The problem is more important for the upstream textile industry (spinning and weaving). These are energy intensive. The downstream industry (clothing) has become labor intensive. Have both
A country’s upstream and downstream industries are important, as buyers allow 45-60 days for orders. This is why Bangladesh is rapidly developing an upstream textile industry.
The expansion in Pakistan is taking place as production becomes competitive under the current regime. The cost of interest is low and the exchange rate is based on the market. Credit goes to the State Bank of Pakistan (SBP) for providing low rates for the expansion. Working capital is also at competitive rates. The other factor is the wages which are well within the range of India and Bangladesh.

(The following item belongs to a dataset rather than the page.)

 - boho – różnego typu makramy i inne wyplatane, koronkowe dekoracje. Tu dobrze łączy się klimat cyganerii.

These are good for boosting the downstream industry. Competitive energy is a bottleneck for upstream expansion. In the first year, the PTI government committed to solving it by providing energy at competitive regional rates (gas at $ 6 / mmbtu and electricity at 7.5 ¢ / kWh). Based on this, low interest rates and a market based exchange rate, an expansion is underway. Textile exports have grown from $ 12 billion in 2018 to $ 16 billion forecast in 2021. Another capacity expansion of $ 3-4 billion is underway. Textile exports can reach $ 20 billion in 2022.

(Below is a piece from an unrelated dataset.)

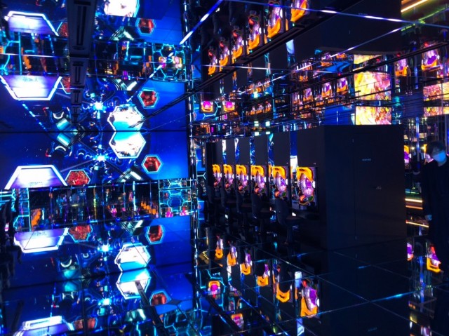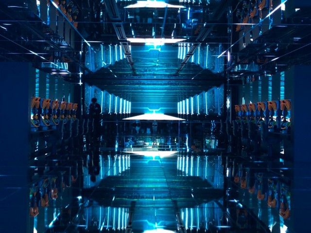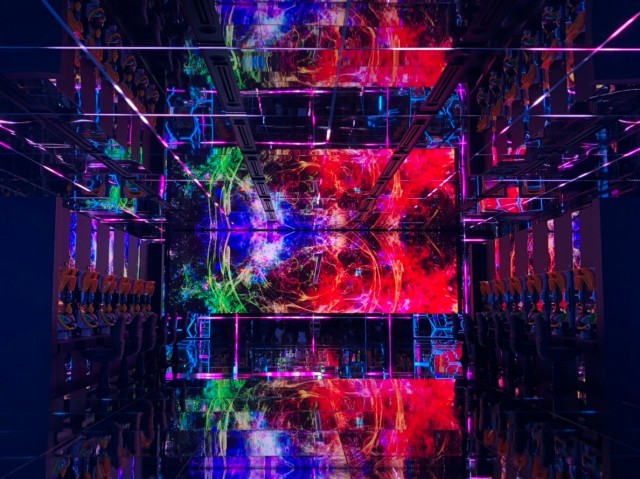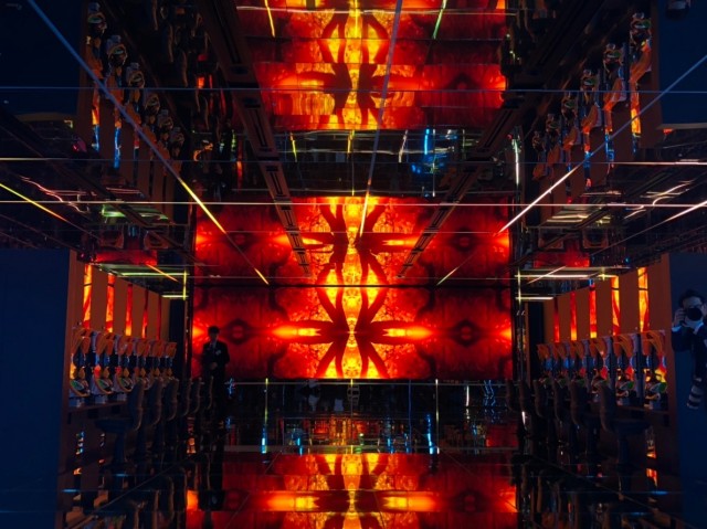 さらに継ぎ目に設置されたLEDと共に音、映像、光で五感を直接刺激する没入感を演出。

The message for policymakers is not to reverse the trend that is working well. There is talk of giving a direct rebate to exporters – that might not work. Under the last regime, then Finance Minister Ishaq Dar gave exporters a rebate (4-8%), but there was no growth as other factors were not competitive. The energy cost subsidy provided by the PTI government in the first year was around Rs 45 billion – 2% of textile exports (at $ 16 billion). This implies that a targeted subsidy is better than blanket coverage.
The problem with the discount is that its advantage is downstream, but upstream becomes uncompetitive. This is why the thread becomes short. The government should continue to provide energy at competitive regional rates. And to become energy efficient, encourage industry to switch to the grid by using the right pricing signal, not by showing sticks.